┏━━

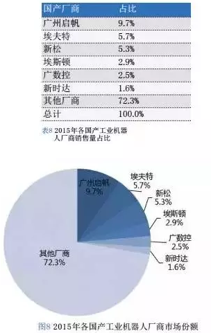 對比不同國內廠商2015年的銷售情況,市場表現較好的國內廠商分別是廣州啟帆、埃夫特、新松、埃斯頓、廣數控和新時達,相較其他本土廠商,這五家廠商起步較早,目前都已具備一定規模和技術實力。
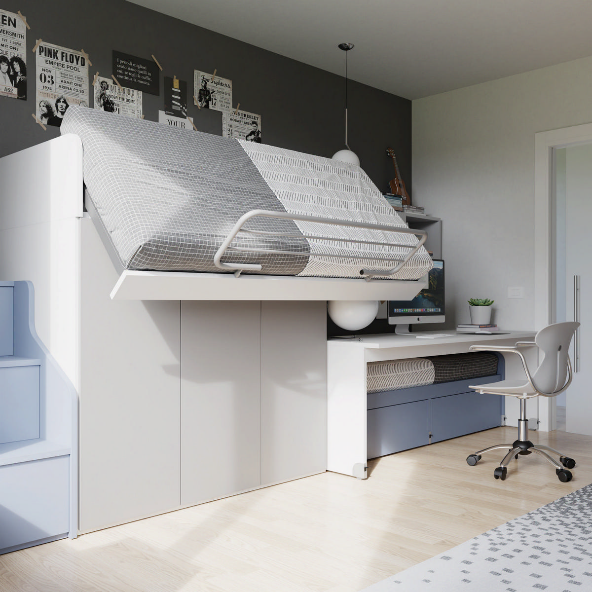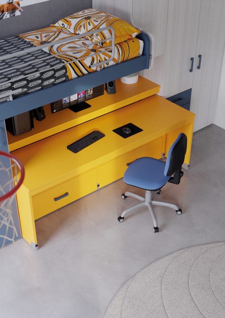 Letto elevato con area studio integrata
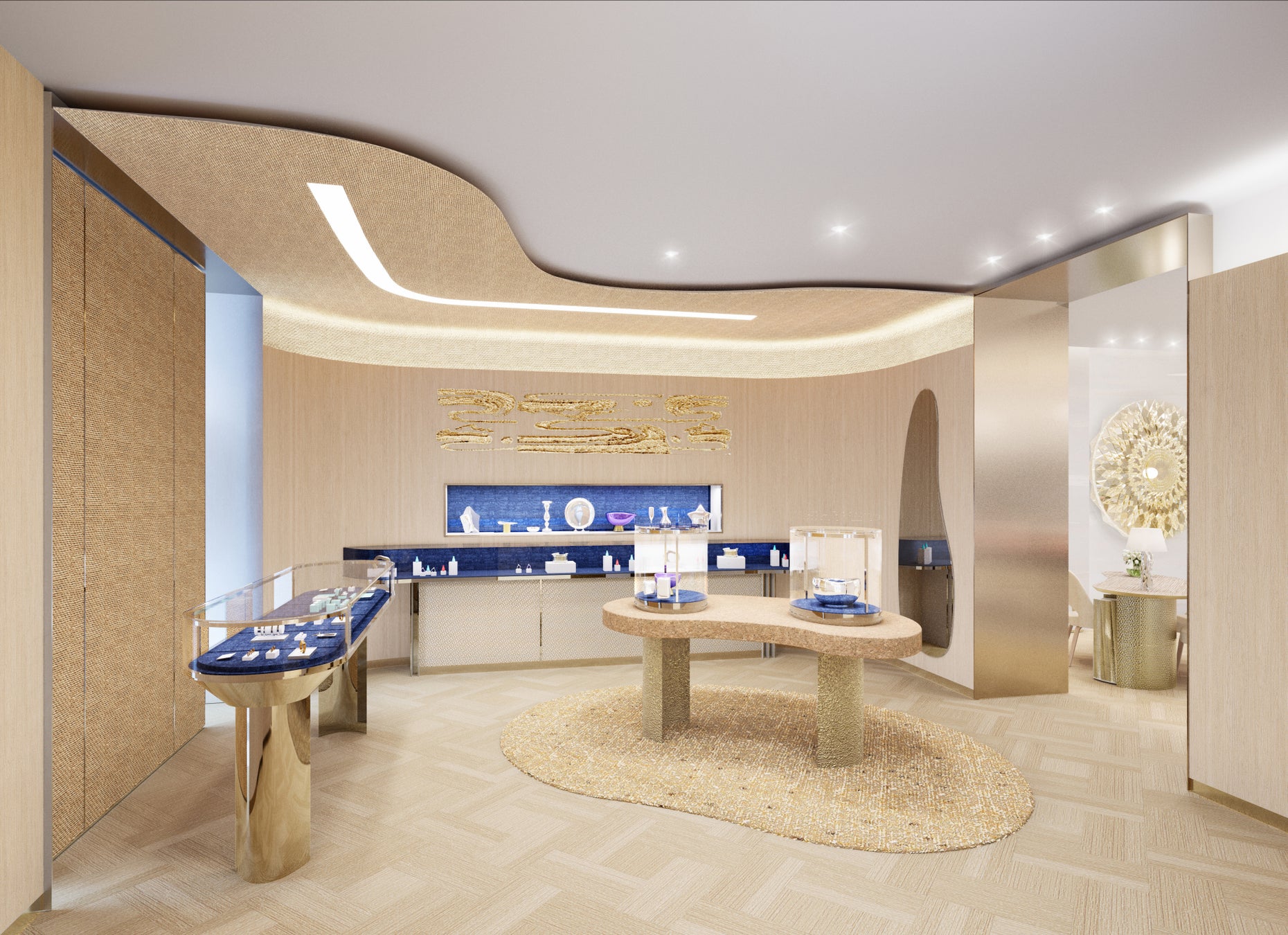 さらに、1階にはティファニーを代表する伝説的デザイナーのひとり、エルサ・ペレッティに捧げられた空間が誕生します。1974年にティファニーのデザイナーに就任したペレッティは、その有機的かつ官能的なデザインで世界中を魅了しました。自然界にインスピレーションを求めたペレッティならではのオーガニックな空間には、代表作「ビーン デザイン」のフォルムから着想を得たコルク素材の什器が、独創的な世界観を演出しています。
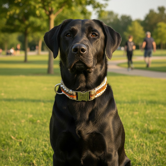 Arlo – Handgefertigtes Paracord Hundehalsband mit Gravur | Orange-Braun-Weiß-Beige
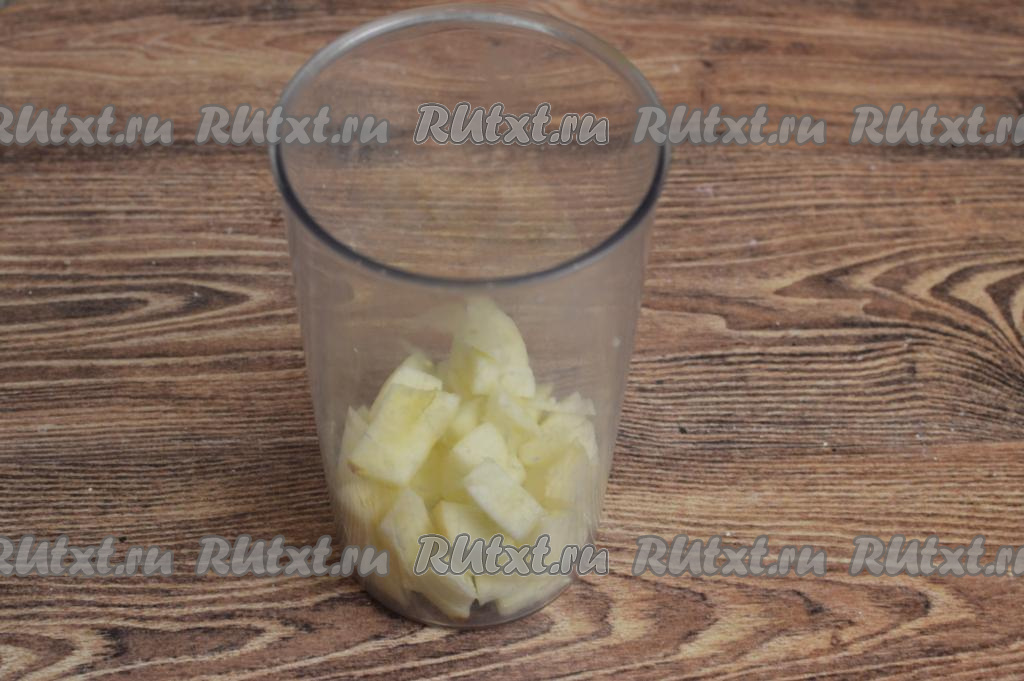 Сложить нарезанные кусочки яблок в чашу погружного блендера.
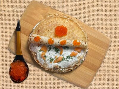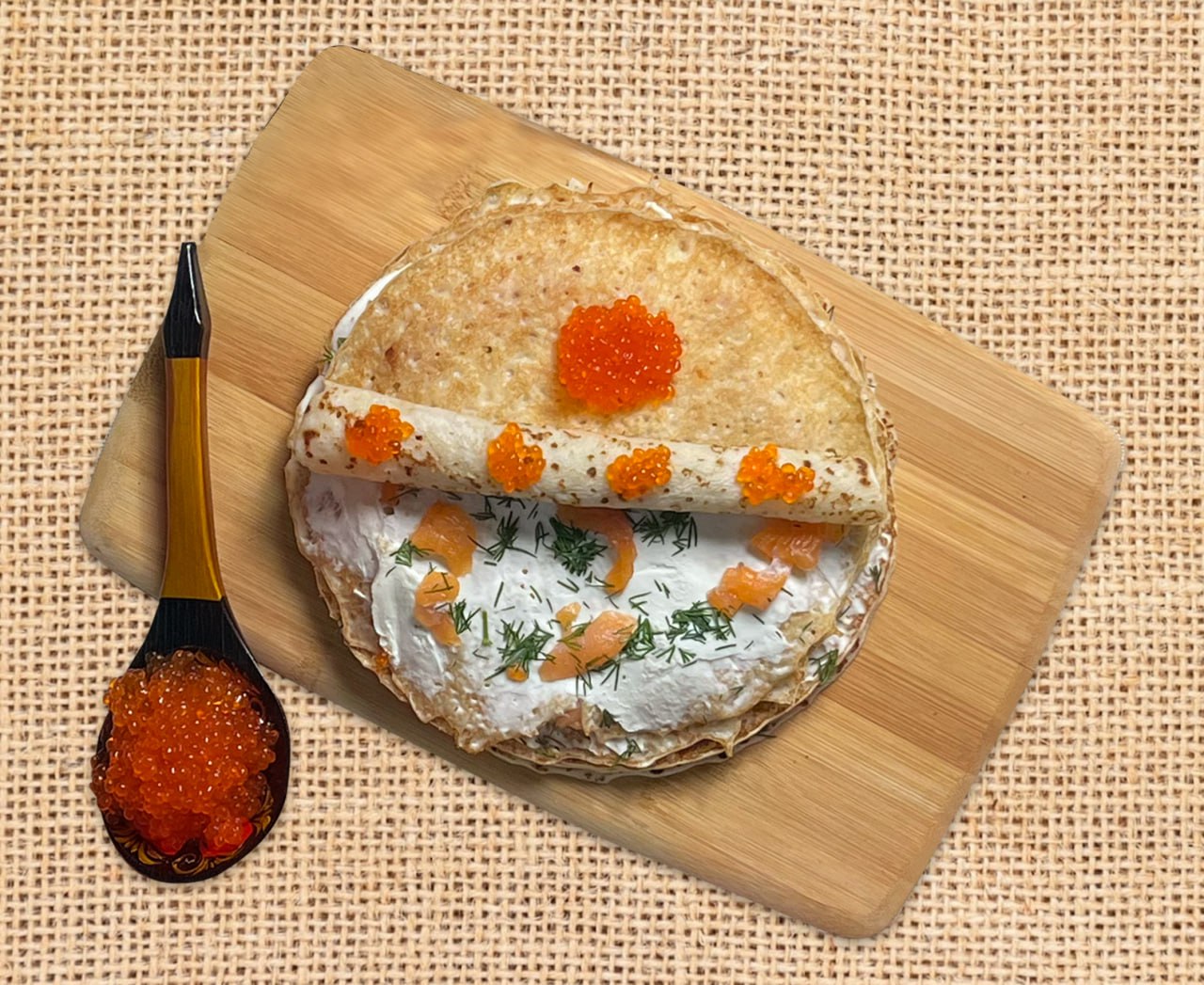 Блинчики с благородной форелью, сочным мясом, ветчиной и сыром, нежной курицей с грибами или классическим сочетанием яйца и зеленого лука.

┗━━

**EXERCISE INSTRUCTIONS**
Without the pictures, give the entries above back exactly.

**RESPONSE TO THIS TASK**
 對比不同國內廠商2015年的銷售情況,市場表現較好的國內廠商分別是廣州啟帆、埃夫特、新松、埃斯頓、廣數控和新時達,相較其他本土廠商,這五家廠商起步較早,目前都已具備一定規模和技術實力。
 Letto elevato con area studio integrata
 さらに、1階にはティファニーを代表する伝説的デザイナーのひとり、エルサ・ペレッティに捧げられた空間が誕生します。1974年にティファニーのデザイナーに就任したペレッティは、その有機的かつ官能的なデザインで世界中を魅了しました。自然界にインスピレーションを求めたペレッティならではのオーガニックな空間には、代表作「ビーン デザイン」のフォルムから着想を得たコルク素材の什器が、独創的な世界観を演出しています。
 Arlo – Handgefertigtes Paracord Hundehalsband mit Gravur | Orange-Braun-Weiß-Beige
 Сложить нарезанные кусочки яблок в чашу погружного блендера.
 Блинчики с благородной форелью, сочным мясом, ветчиной и сыром, нежной курицей с грибами или классическим сочетанием яйца и зеленого лука.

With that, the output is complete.